:: Data provided

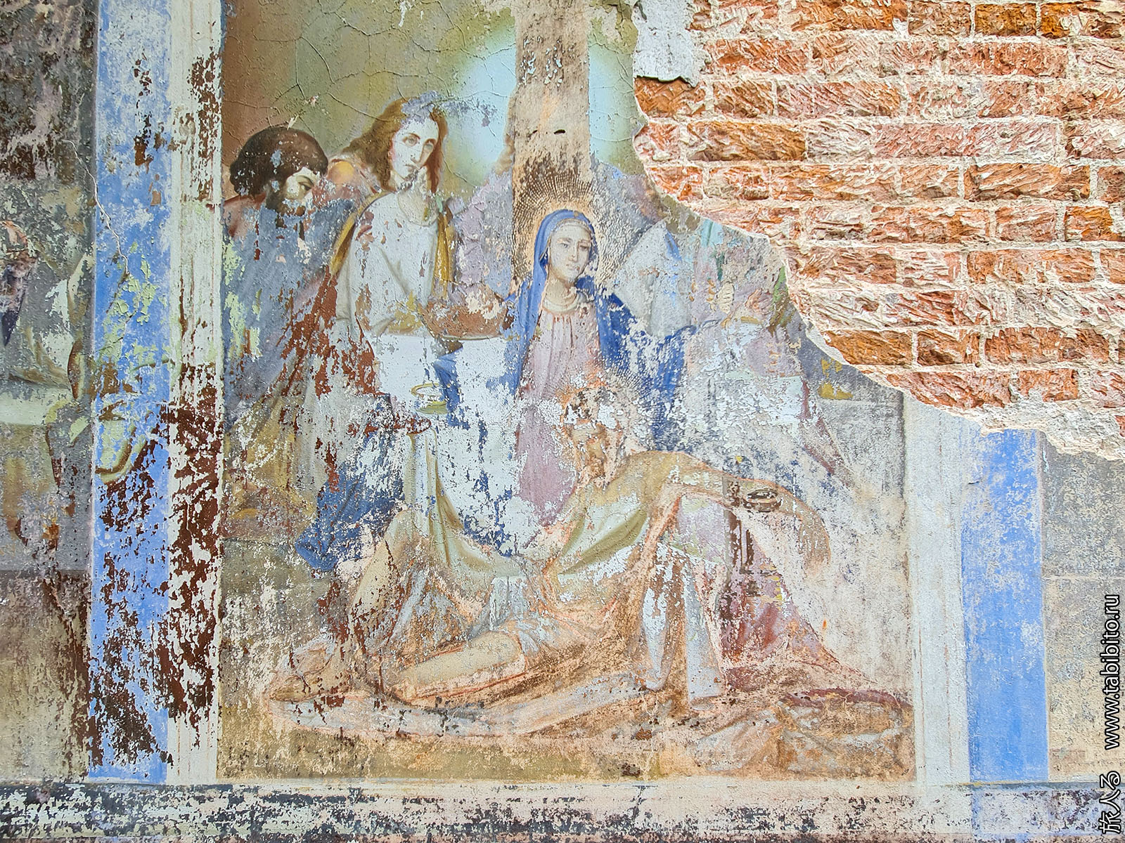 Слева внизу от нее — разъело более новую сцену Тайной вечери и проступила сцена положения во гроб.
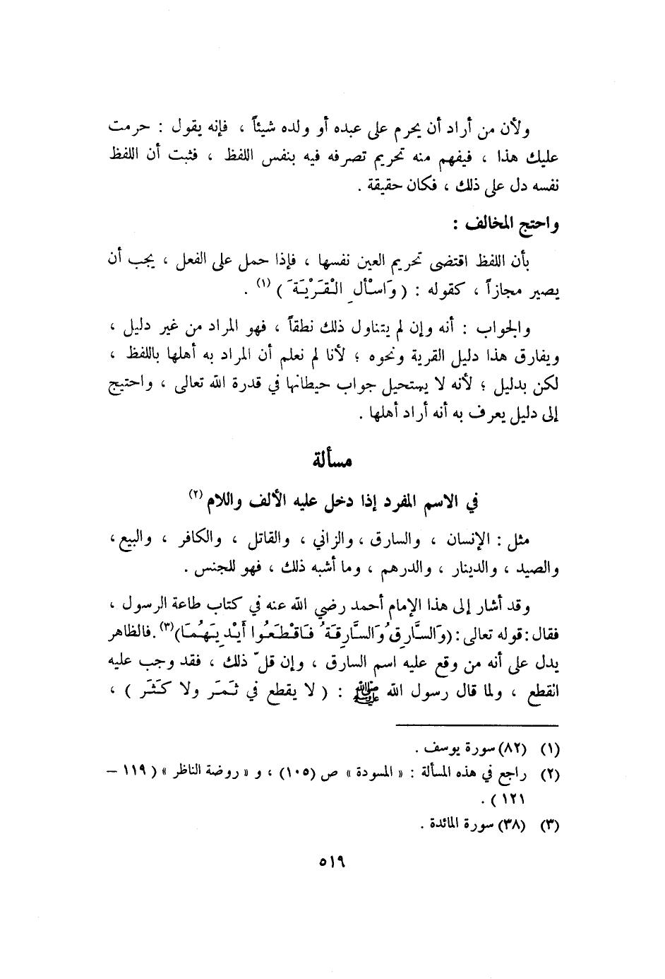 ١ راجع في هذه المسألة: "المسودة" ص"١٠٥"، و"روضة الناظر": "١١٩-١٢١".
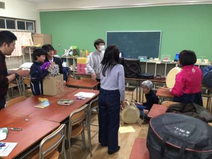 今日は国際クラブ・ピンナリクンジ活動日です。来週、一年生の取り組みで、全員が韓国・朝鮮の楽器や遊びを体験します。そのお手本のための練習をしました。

::::

• Work order: Beginning at the line that contains "١ راجع في هذه", retype each line of the data above through the very last one. Do not retype the pictures.

• Solution to the exercise:
 ١ راجع في هذه المسألة: "المسودة" ص"١٠٥"، و"روضة الناظر": "١١٩-١٢١".
 今日は国際クラブ・ピンナリクンジ活動日です。来週、一年生の取り組みで、全員が韓国・朝鮮の楽器や遊びを体験します。そのお手本のための練習をしました。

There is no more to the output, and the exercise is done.